View Full Game Coverage

"If we had Brad Lidge on this team, he would close," Phillies general manager Matt Klentak said Tuesday at Citizens Bank Park. "If we had Billy Wagner on this team, he would close. If we had Jonathan Papelbon on this team, he would close. We don't have one of those guys. So we're making due with what we have, which is a pretty good group.

"I think at some point we might [have a closer]. If organically it works, and that's the way things shake out, I think we're open to that."

On Monday, the Nationals traded three prospects to the Royals for closer Kelvin Herrera, who enhances Washington's chances of winning a World Series. Klentak declined to say if the Phillies took a shot at Herrera, but he said there have been "a handful of conversations" about potential trades.

Manager Gabe Kapler said Monday that he does not believe the Phillies need to acquire a reliever before the July 31 non-waiver Trade Deadline, although he quickly acknowledged that he always welcomes upgrades. The Phillies have a 4.50 ERA in the eighth inning and a 4.82 ERA in the ninth inning this season. Those numbers rank 23rd and 26th in baseball, respectively. Of course, there are other ways to measure a bullpen's success.

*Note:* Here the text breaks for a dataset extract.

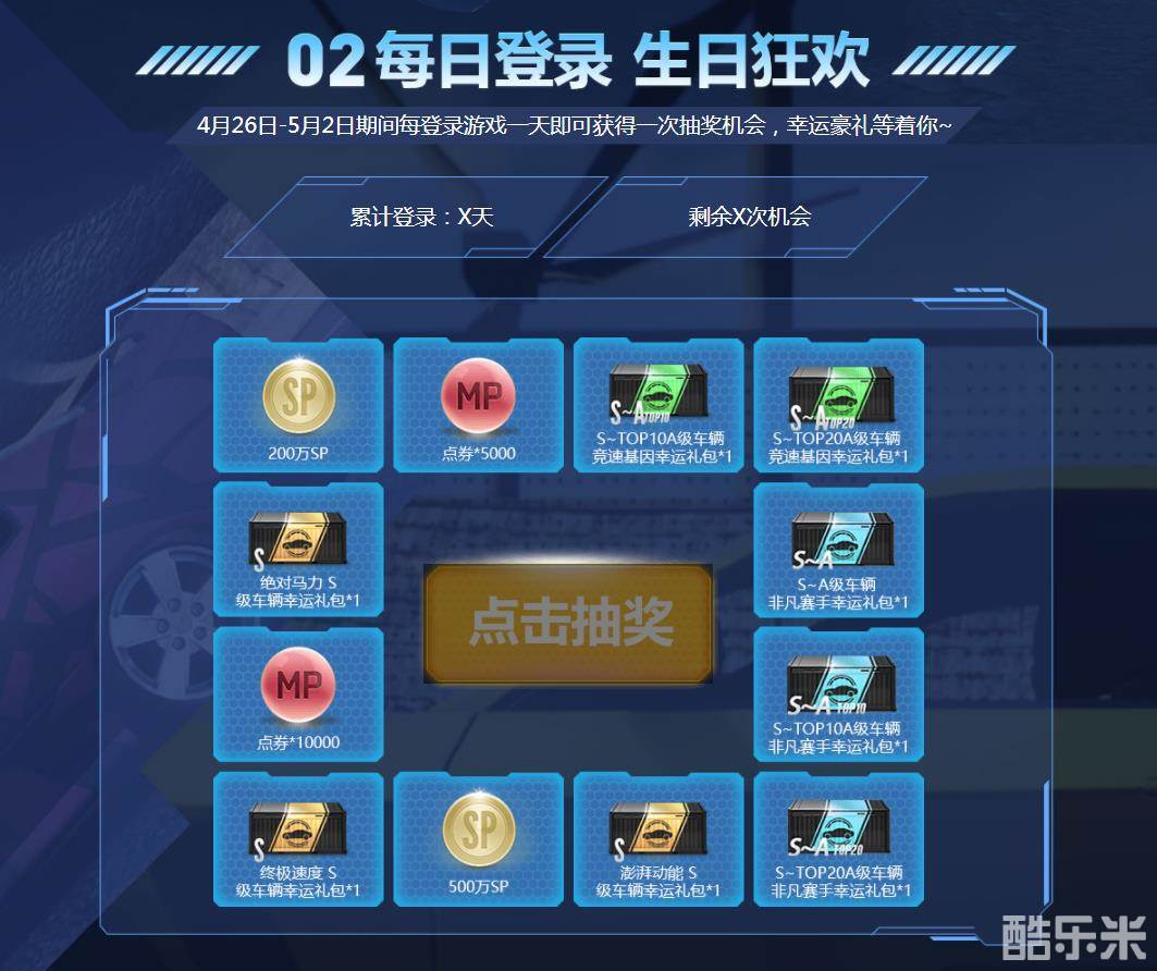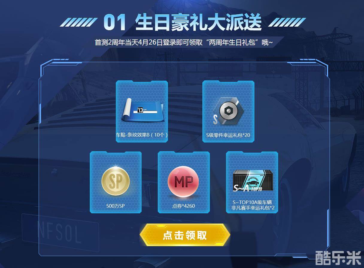 首测2周年当天4月26日登陆游戏即可领取“两周年生日礼包”哦,包含车贴-条纹效果8(10个)、S级零件幸运礼包x20、500万SP、4260点券和S~TOP10A级车辆非凡赛手幸运礼包x2。

Kapler said Tuesday that the Phillies' bullpen has been one of the best in the National League. It is third in the NL with a 3.72 xFIP (expected Fielding Independent Pitching), according to FanGraphs.

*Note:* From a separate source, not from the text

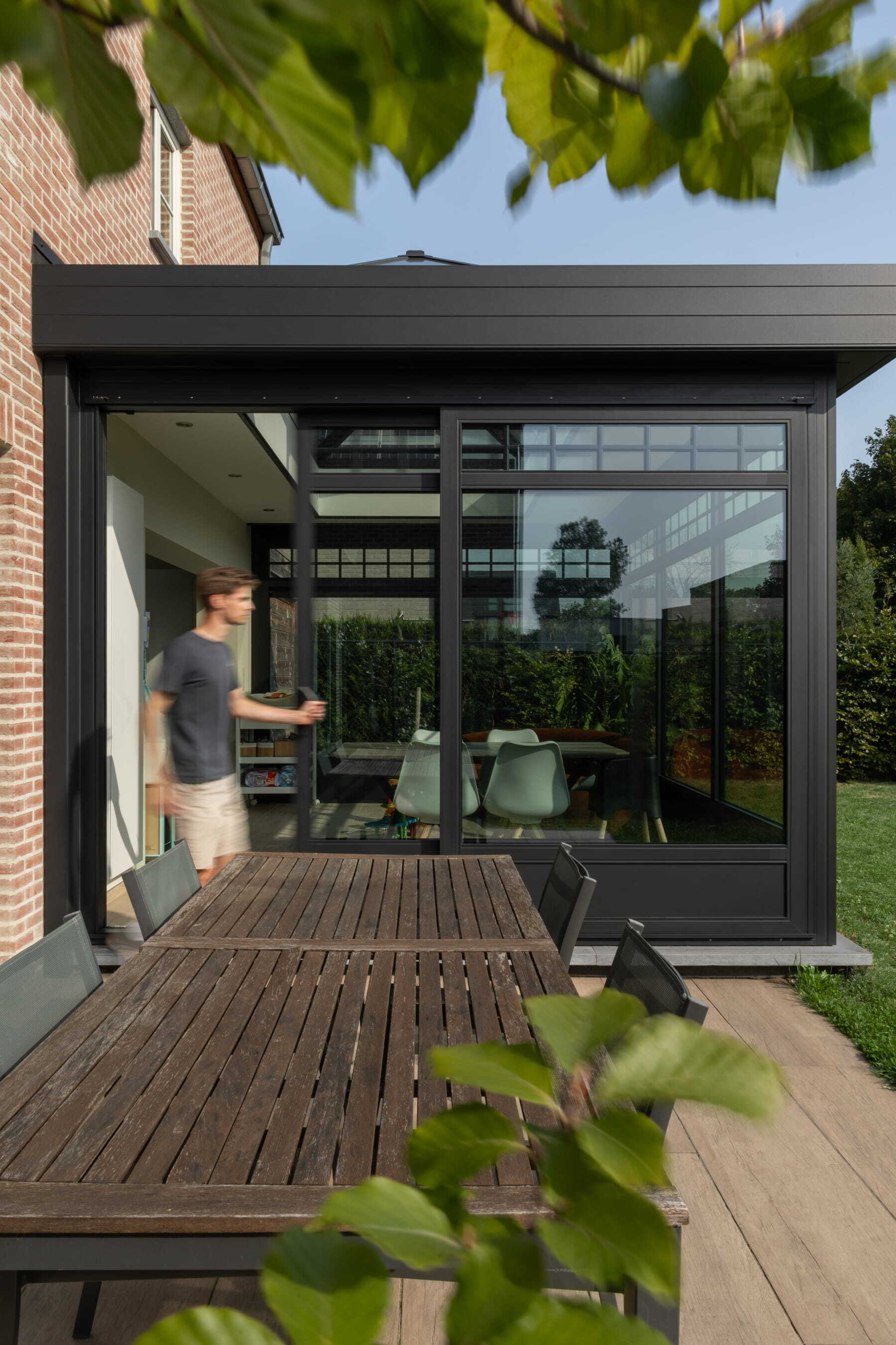 Deze veranda in Temse laat zien hoe architectuur en wooncomfort elkaar versterken. Dankzij het glazen dak en de royale glaspartijen baadt de ruimte in daglicht, wat zorgt voor een open, luchtig gevoel doorheen de vier seizoenen. De strakke aluminium structuur vormt een harmonieus geheel met de woning, terwijl het interieur uitnodigt tot rust en gezellig samenzijn. Een verfijnde uitbreiding voor wie graag leeft in het licht.

"The group itself is really talented and we're confident in it," Klentak said. "I think at some point in the near future we're going to get Pat Neshek back, who, while not a traditional closer, is probably as good a bullpen arm as a team is going to add in the next six weeks. We will see what's available in the trade market -- which players are available, what the costs are. We will probably look at that in free agency as well. But we have to maintain the proper perspective on any potential acquisition."

The Phillies have enough payroll flexibility and farm-system depth to acquire any number of players before July 31. It could mean a high-powered arm in the bullpen, a starter like Cole Hamels or J.A. Happ or a third baseman like Mike Moustakas.

"I think there's a chance that we will trade for a rental," Klentak said. "What we've said all along is that if we can come out of June in a good position and get ourselves onto a roll in July, then that will hopefully put us into a position to make additions. That could come in the form of years of control or the form of rentals. If it's the rental type, we just have to make sure that we're maintaining the proper balance and perspective on that so that we're making this team better but also not mortgaging too much of our future."

Sources told MLB.com in recent weeks that the Phillies are highly unlikely to empty the farm system for a rental like Orioles shortstop Manny Machado. The idea of sending top prospects to Baltimore for two months of Machado, when he is certain to test the free-agent market and he might only guarantee the Phillies a one-game playoff as a NL Wild Card, does not seem like smart business to them.

In the meantime, maybe somebody establishes himself as the Phillies' closer before July 31. Maybe it is Seranthony Dominguez, who is the team's best reliever.

Why not just give him a shot right now?

"The argument against that is that the ninth inning is not always the highest-leverage situation," Klentak said. "You can blow a save in the seventh or the eighth or the ninth. And, emotionally, it stings more when it happens in the ninth because you feel like you're right there. You're just about to win the game. But if you never get to the ninth inning with a lead in the first place, you never have a chance to win that game. So sometimes using your best relievers earlier in the game is what makes the most sense.

"Make no mistake about it, I would love to have a traditional, dominant, ninth-inning closer. There are a few of them throughout the league, and the Phillies have had them over the years. We would like to have that. We believe that with the group of guys we have on this roster right now, with the depth of pitching we have throughout our system, we will find that guy and more internally. If it turns out to be the case that I'm wrong, then we'll have to address that externally. But right now, we like the group that we have on this roster and coming up behind them in the system."